Follow-up from "Add worker to aggregate last 30-day catalog resource usage data"

Summary

The following discussion from !155001 (merged) should be addressed:

  • @ahegyi started a discussion: (+1 comment)

    @lma-git, thanks! I ran the worker locally with a PRD replica and waited until it finished (took a few minutes). Let me know if you want to see the invoked queries, I can send over the logs.

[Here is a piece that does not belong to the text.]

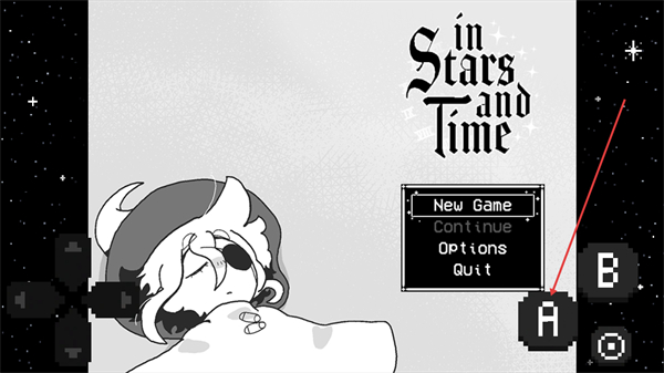 1、进入在时光与繁星中的启动界面后,可通过A键选择NewGame开始新局,也能选Continue续存或Options调整后再操作。

    I have two concerns which we can address as a follow up:

    1: A lot's of queries with distinct_each_batch, example:

      Ci::Catalog::Resources::Components::Usage Load (216.8ms)  
    
    SELECT "p_catalog_resource_component_usages"."used_by_project_id" 
    FROM "p_catalog_resource_component_usages" 
    WHERE "p_catalog_resource_component_usages"."catalog_resource_id" = 1001657 AND
     "p_catalog_resource_component_usages"."used_date" BETWEEN '2024-05-08' AND '2024-06-06' AND
     (used_by_project_id > 0) 
    ORDER BY "p_catalog_resource_component_usages"."used_by_project_id" ASC LIMIT 1 
    /*application:console,db_config_name:main,console_hostname:gitlab,console_username:ahegyi,line:/app/models/concerns/each_batch.rb:121:in `distinct_each_batch'*/

    We can implement some sort of preloader query which checks if there is one row for the given catalog_resource_id with the given filter parameters.

    2: save_usage_counts! inserts unbounded number of rows. We might want to add an extra condition to the Aggregator to stop after collected N usage counts. --> Already bounded. Currently, it updates at most 1000 records per query. It runs save_usage_counts once for each TARGET_BATCH_SIZE it yields.

Edited by Leaminn Ma